Comment juger le cas d’une femme qui aime une autre femme au point de ne plus pouvoir se séparer d’elle ?

Louange à Allah

Des femmes peuvent en arriver à entretenir des rapports
sexuels entre elles-mêmes comme les hommes le font. L’acte de la femme est appelé
sihaq. C’est-à-dire un acte sexuel impliquant
deux femmes. (Al-Moufassal sur les dispositions
à appliquer à la femme par Zidan, 5/450). Les jurisconsultes
prévoient dans ce cas le ta’zir. C’est-à-dire
une sanction destinée à punir l’auteur d’un acte qui ne fait pas l’objet d’une
peine déterminée.

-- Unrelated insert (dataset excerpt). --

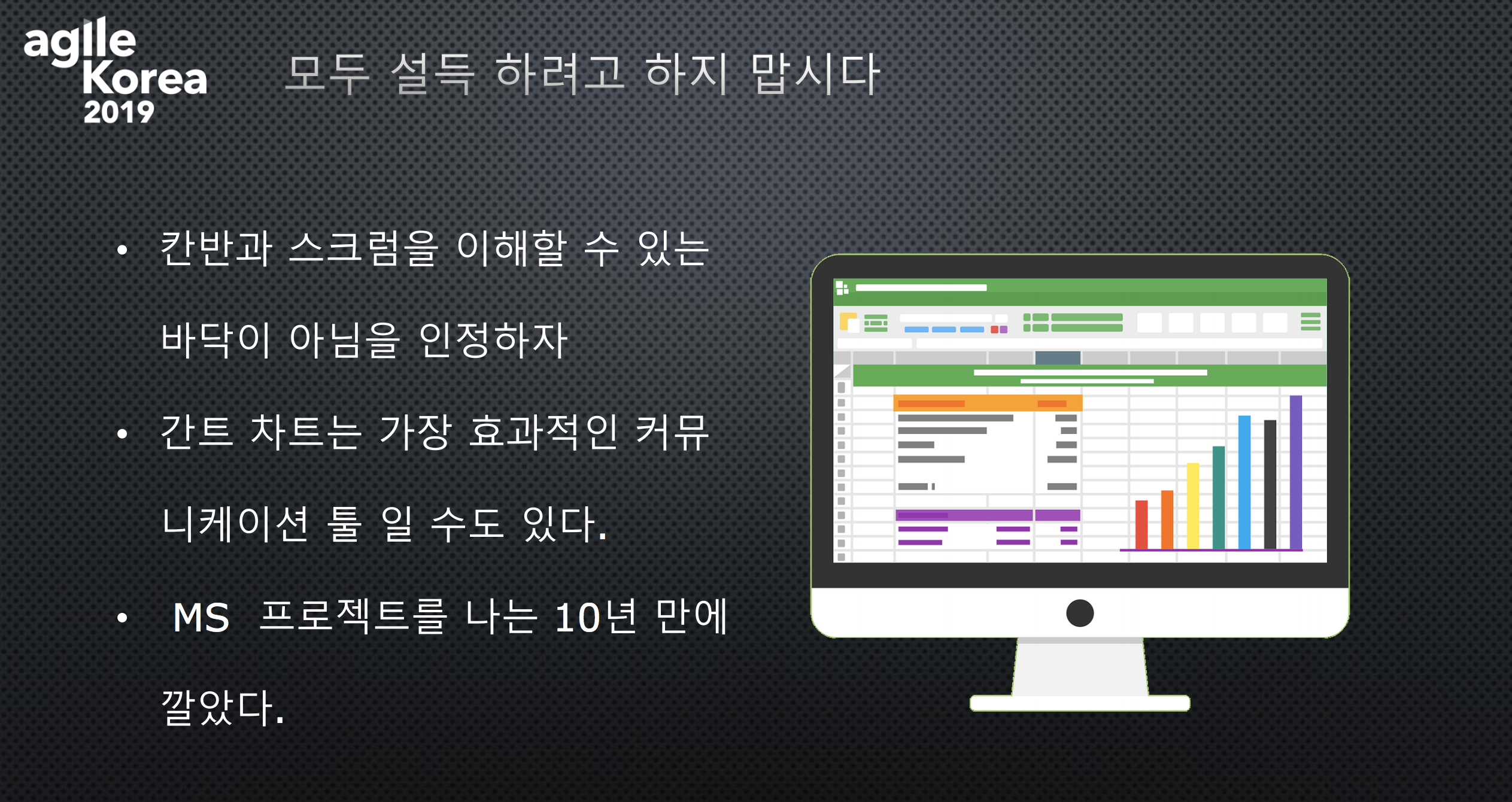 그는 스크럼과 칸반과 같은 애자일 방법을 연구자들이 이해하기 어려울 수 있음을 인정하며, 모두를 설득하려고 하지 말라고 말했습니다. 대신 본인이 속한 팀의 구성원들과 소통할 수 있는 효과적인 커뮤니케이션 툴을 찾는 것을 강조했습니다.
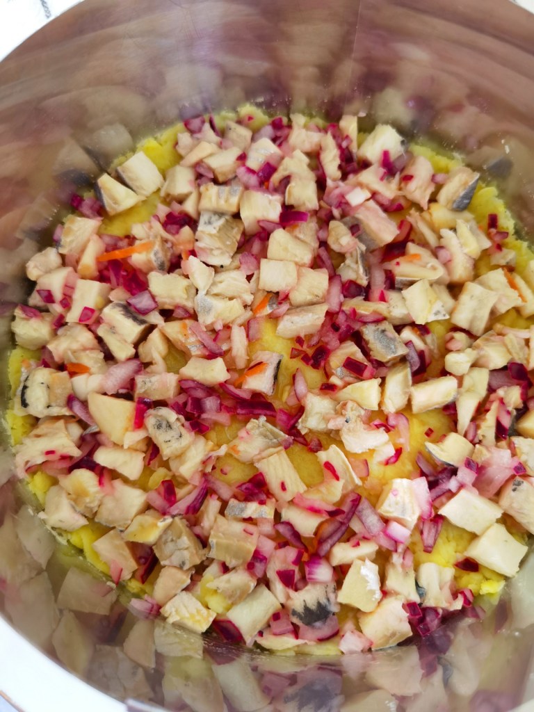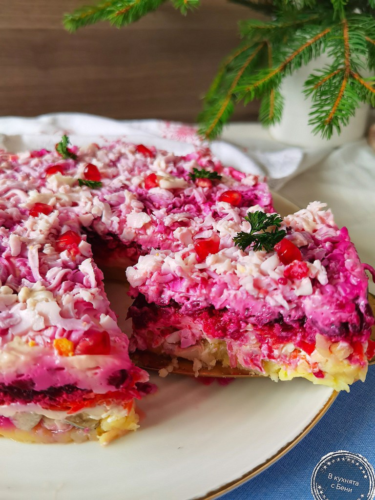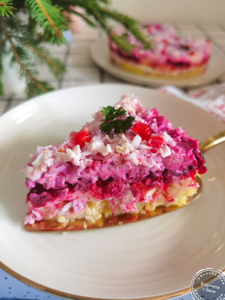 Днес ви представям тази вкусна салата, която наподобява известната „Сельодка под шуба“. Преди време бях пробвала да я направя със сельодка и не ми допадна, поради което този път използвах маринована херинга, с която се получи повече от чудесна. ☺️🍴

La nature de la sanction est laissée à l’appréciation du juge
qui en décide en fonction des circonstances du crime et de l’attitude du criminel.

La femme qui se livre
à de tels actes sexuels n’est pas habituée à déposer un témoignage puisqu’elle
est perverse (al-Mawsou’a al-fiqhiyya,
24/253).

Ibn Qudama (Puisse Allah lui accorder Sa miséricorde)
a dit : « Si une femme frotte son sexe contre celui d’une autre femme,
les deux sont dans un état de fornication et deviennent maudites. (Al-Moughni,
10/162). Certains ulémas comme al-Izz Ibn Abd
as-Salam disent qu’il n’est pas permis à la femme
qui se livre à cette pratique de regarder une femme musulmane et qu’il n’est
pas permis à celle-ci de se déshabiller devant la première puisqu’elle est libertine
et pourrait aller décrire la femme musulmane à un autre.

Si ce qui précède concerne
la nature des rapports entretenus par les deux parties mentionnées dans la question,
elles doivent procéder à un grand repentir envers Allah le Puissant et Majestueux
et cesser de commettre ce crime. Si le fait de se retrouver seules dans un endroit
les pousse à cet acte de désobéissance, elles doivent s’efforcer à ne plus se
rencontrer afin d’éviter cet acte blâmable.

L’abandon des maris est, peut-être,
l’une des causes de cette sorte d’extraversion (sexuelle). Car l’absence de
la voie légale vers la satisfaction du besoin et de l’assouvissement du plaisir
 entraîne son remplacement par une voie interdite. Ces deux femmes doivent réfléchir
sérieusement et se trouver un mari musulman pour mener avec lui une vie conforme
à la Charia purifiée.

Quant à l’amour ardent, il constitue une désobéissance
d’une autre sorte ; il peut ne pas être lié à un plaisir charnel, mais il n’en
demeure pas moins dangeeux, puisqu’il peut faire tomber
dans l’adoration de la personne aimée. La pensée et la préoccupation deviennent
entièrement concentrées sur cette personne ; l’amoureux ne pourra plus se séparer
d’elle au cours du jour et il la voit pendant son sommeil. Il vit pour elle
et est prêt à mourir pour elle. Il peut même changer quand il voit le bien-aimé
malade ou quand il est absent. Cette relation est psychologiquement destructrice
pour l’homme car elle détruit sa relation avec son Maître et fait de l’amoureux
un esclave de son bien aimé. Or il est interdit d’être l’esclave d’un autre
qu’Allah.

La solution fondamentale de cette épreuve consiste dans
la séparation définitive de sorte que l’amoureux n’aura plus les nouvelles du
bien-aimé et n’en verra plus les moindres traces.